According to the present invention, in the asynchronous transfer mode (hereinafter referred to as ATM), a call state (abbreviated as CS) message included in the broadband sublayer information, particularly in the Q.93B protocol, is used. A message generating method suitable for generating.

In general, ATM is a communication type for implementing a Broadband Intergrated Service Digital Network (hereinafter, abbreviated as BISDN), and is a special type of packet type using ATDM (Asynchronous Time Division Multiplex). Message delivery.

On the other hand, in BISDN, information is transmitted by a continuous flow of packets having a constant size. The packets of fixed size are called ATM cells. In more detail, as shown in FIG. 1, the ATM cell divides a plurality of input service information 11 into short cells 12 having a fixed length, and then header information of 5 bytes in each cell. (packet) information attached with (headerinformation) 12a, each ATM cell comprises a total of 53 bytes (data information 48 + header information 5), and each of these ATM cells is shown at the bottom of FIG. As shown, multiplexed 13 is transmitted over the transport channel.

In addition, as described above, the ATM cell is a connectivity method, and establishes a virtual channel to transmit service information. When the virtual channel is established, an identification number for connection is given and the identification number is released together when the connection is released. In addition, the order between ATM cells in a certain virtual channel is preserved by the function of the ATM layer, and signal information for connection establishment is transmitted through a separate ATM cell.

Meanwhile, the ATM communication scheme as described above defines a layered protocol reference model for systematic and flexible information delivery. In this case, the protocol layer configured as shown in FIG. 2 includes the physical layer 21, the ATM layer 22, the ATM adaptation layer 23, the upper layer 24, and the like. As follows.

That is, the protocol reference model of ATM consists of a management plane (A), a control flight number (B), and a user plane (C), and the functions of the management planes (A) among the three planes (A, B, and C) are planes. It is divided into management and hierarchy management.

Here, plane management means overall management of the system, and hierarchy management means management of resources and variables used. In addition, the control plane (B) manages call control and connection control information, and the user plane (C) manages the transfer of user information.

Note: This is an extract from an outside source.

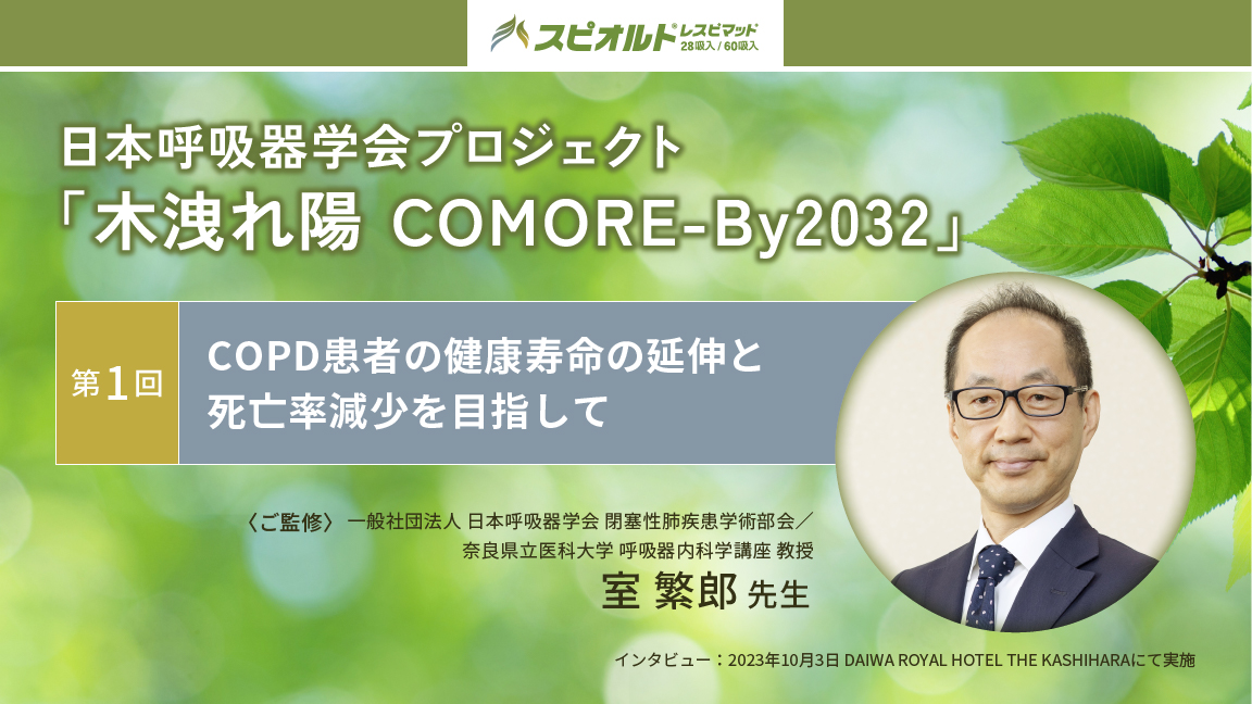本シリーズでは、全2回にわたり一般社団法人 日本呼吸器学会 閉塞性肺疾患学術部会の室 繁郎 先生より、“COPD死亡率減少”を目指す日本呼吸器学会のプロジェクト、「木洩れ陽 COMORE-By2032」についてお話しいただきます。今回は、本プロジェクトを立ち上げた背景や目的、および「健康日本21(第三次)」との関連などを伺いました。ぜひ、ご覧ください。

Furthermore, the protocols of the control plane B and the user plane C are divided into the upper layer 24, the ATM adaptation layer 23, the ATM layer 22, the physical layer 21, and the like. Although not shown, the ATM adaptation layer 23 cuts the convergence sublayer and protocol data unit, which makes user service information of the upper layer 24 into protocol data units, to a predetermined size, thereby forming a user information section of an ATM cell. And a recombination layer.

The ATM layer 22 translates the user-network connection and information flow, translates the virtual path identification number and the virtual channel identification number, connects with service access points, multiplexes and demultiplexes cells, and physical layer 21. ) Is composed of a transmission convergence sublayer and a physical medium sublayer, and performs cell separation, generation and confirmation of header error control bytes, and detection of cell boundary points.The upper layer 24 of the user plane C Provides a function for processing service information.

In addition, the upper layer 24 of the control plane B provides functions related to call setup, call control, and call connection, which are achieved by exchanging control signal messages between user networks. The control signal message can be divided into call setup, call information, call release, and additional information message according to each function.

Here, the call establishment message is subdivided into call processing, connection, connection recognition, call set up, etc., the call information message is subdivided into call resume, resume recognition, etc., and the call release message is released. Subdivided into return completion, etc. The typical message control format of the ITU-TS Recommendation Q.93B protocol for each control signal message described above is shown in FIG.

That is, the user-to-many ATM call and the connection control message may include a protocol discriminator 31 for determining the user-to-manage call control message from another message, as shown in FIG. Call reference signal (32), message format signal (message type) 33, and message length signal 34 are respectively basically configured to detect call destinations that have sent messages. The variable length information 35 required according to the function of the control signal message is defined to be included.

The present invention relates substantially to a method of generating a call state (CS) message contained within the variable length information described above and used to indicate the current state of a call destination and earth registration state.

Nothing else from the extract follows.